**RECORD SET:**
+ + + + + + +

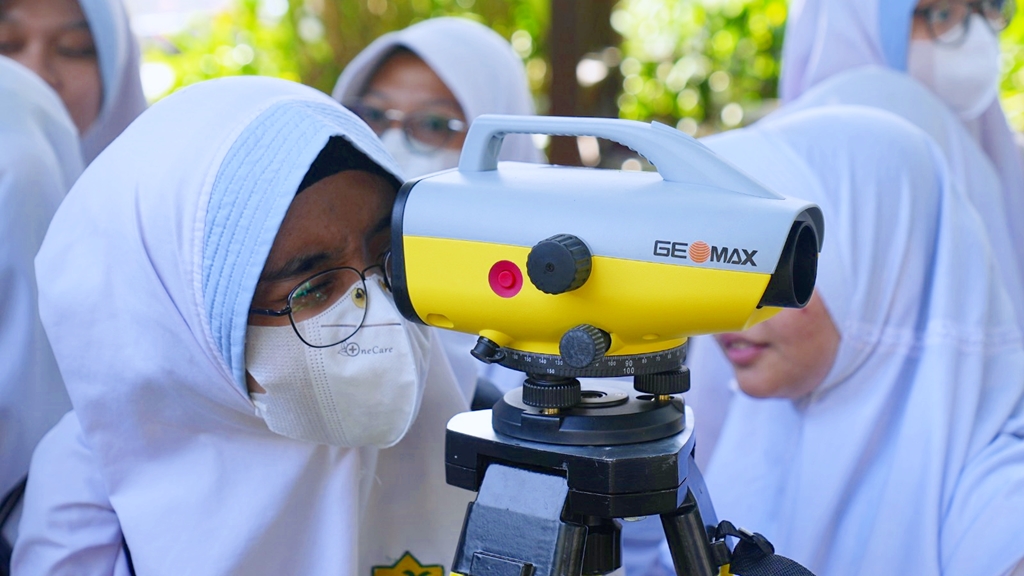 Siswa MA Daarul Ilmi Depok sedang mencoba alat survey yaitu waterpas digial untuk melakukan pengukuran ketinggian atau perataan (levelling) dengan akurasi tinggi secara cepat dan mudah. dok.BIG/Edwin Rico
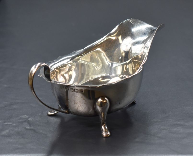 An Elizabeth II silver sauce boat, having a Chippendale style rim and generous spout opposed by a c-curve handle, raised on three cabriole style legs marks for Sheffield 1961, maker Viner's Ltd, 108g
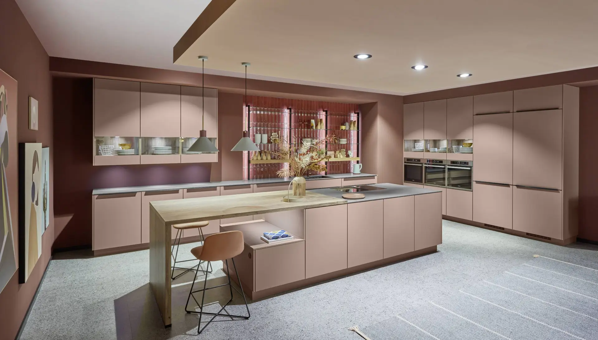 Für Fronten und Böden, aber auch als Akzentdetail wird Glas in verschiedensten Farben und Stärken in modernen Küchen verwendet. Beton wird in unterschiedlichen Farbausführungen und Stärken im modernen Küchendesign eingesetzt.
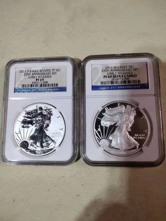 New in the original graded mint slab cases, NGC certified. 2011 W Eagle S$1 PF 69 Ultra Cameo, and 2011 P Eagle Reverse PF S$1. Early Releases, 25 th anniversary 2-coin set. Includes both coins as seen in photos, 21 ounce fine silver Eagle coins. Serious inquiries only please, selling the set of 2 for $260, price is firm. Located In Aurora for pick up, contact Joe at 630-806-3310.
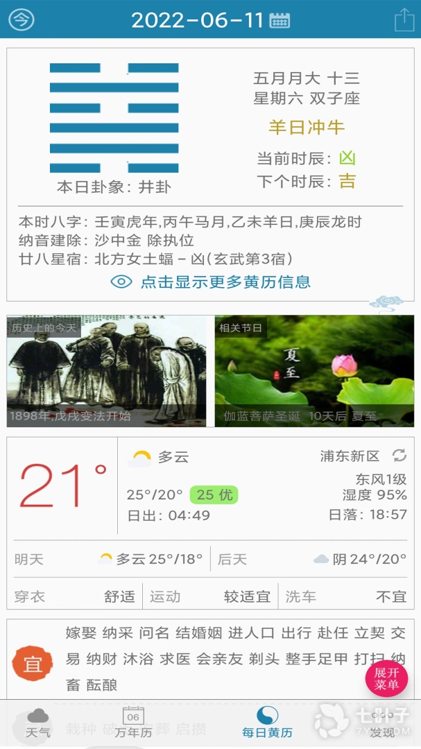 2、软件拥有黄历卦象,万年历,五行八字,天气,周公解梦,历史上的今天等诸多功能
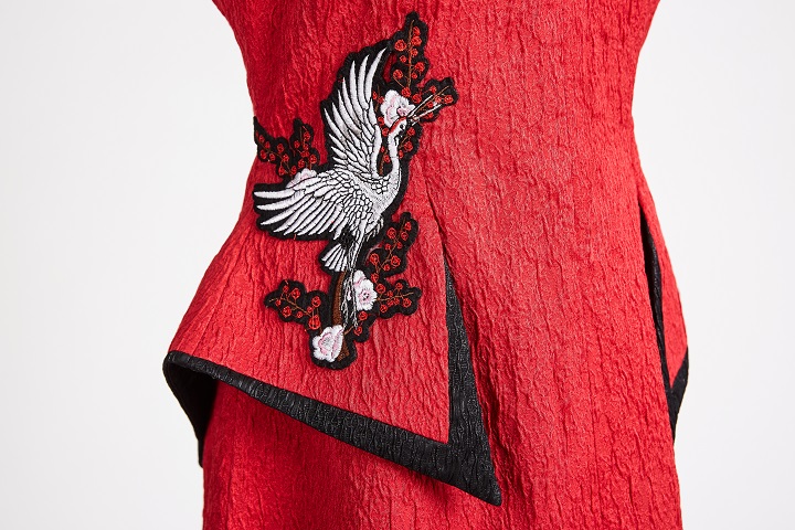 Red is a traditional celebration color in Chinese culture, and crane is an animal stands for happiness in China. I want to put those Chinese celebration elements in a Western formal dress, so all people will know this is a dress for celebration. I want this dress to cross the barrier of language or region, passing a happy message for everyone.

+ + + + + + +

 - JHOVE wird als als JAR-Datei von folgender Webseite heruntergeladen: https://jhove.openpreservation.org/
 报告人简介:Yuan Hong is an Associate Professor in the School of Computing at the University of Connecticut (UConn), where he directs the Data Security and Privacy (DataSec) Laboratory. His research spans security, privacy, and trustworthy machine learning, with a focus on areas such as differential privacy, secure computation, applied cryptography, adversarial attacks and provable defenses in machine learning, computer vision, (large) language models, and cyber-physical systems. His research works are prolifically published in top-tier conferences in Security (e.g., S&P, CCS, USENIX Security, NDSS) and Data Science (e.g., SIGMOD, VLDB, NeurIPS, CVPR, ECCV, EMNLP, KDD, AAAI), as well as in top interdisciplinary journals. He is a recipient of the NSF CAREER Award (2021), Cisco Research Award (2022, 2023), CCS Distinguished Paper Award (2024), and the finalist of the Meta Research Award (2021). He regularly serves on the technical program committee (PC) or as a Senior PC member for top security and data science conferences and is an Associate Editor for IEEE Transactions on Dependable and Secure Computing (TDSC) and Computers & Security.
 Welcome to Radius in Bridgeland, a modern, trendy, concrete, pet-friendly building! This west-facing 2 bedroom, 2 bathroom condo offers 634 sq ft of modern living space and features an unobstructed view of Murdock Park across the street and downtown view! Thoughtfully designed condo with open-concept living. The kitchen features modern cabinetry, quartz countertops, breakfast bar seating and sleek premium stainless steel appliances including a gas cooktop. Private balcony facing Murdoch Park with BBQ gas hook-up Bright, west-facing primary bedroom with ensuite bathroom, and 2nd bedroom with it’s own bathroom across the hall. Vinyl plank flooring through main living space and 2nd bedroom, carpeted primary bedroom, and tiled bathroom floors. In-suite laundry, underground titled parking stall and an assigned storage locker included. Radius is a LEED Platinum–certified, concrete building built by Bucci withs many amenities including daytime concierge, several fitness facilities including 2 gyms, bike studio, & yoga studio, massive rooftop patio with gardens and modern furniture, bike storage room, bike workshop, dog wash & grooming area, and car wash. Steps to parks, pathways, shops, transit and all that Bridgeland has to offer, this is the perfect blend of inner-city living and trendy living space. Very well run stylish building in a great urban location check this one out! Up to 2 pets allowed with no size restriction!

+ + + + + + +

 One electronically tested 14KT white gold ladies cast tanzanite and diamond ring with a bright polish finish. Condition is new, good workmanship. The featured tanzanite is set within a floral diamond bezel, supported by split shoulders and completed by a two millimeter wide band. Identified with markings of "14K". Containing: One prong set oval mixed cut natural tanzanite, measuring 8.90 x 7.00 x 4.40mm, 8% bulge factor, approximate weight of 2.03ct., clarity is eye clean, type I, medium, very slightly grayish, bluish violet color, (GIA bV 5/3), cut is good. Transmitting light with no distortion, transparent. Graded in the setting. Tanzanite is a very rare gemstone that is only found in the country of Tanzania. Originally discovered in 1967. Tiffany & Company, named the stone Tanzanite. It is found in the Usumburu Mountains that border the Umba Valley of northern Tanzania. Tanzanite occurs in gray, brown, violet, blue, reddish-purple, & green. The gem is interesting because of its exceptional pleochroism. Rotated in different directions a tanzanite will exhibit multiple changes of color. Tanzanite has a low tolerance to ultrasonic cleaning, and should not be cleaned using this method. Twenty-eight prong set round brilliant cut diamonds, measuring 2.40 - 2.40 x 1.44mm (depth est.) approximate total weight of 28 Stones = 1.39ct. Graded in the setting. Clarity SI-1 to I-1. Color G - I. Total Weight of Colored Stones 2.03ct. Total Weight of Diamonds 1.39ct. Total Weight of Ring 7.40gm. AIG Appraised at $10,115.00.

+ + + + + + +

**TASK PROMPT:** Reproduce the data above exactly, but only from the line containing "Siswa MA Daarul" through the line containing "Für Fronten und"; skip the pictures.

**ANSWER SPACE:**
 Siswa MA Daarul Ilmi Depok sedang mencoba alat survey yaitu waterpas digial untuk melakukan pengukuran ketinggian atau perataan (levelling) dengan akurasi tinggi secara cepat dan mudah. dok.BIG/Edwin Rico
 An Elizabeth II silver sauce boat, having a Chippendale style rim and generous spout opposed by a c-curve handle, raised on three cabriole style legs marks for Sheffield 1961, maker Viner's Ltd, 108g
 Für Fronten und Böden, aber auch als Akzentdetail wird Glas in verschiedensten Farben und Stärken in modernen Küchen verwendet. Beton wird in unterschiedlichen Farbausführungen und Stärken im modernen Küchendesign eingesetzt.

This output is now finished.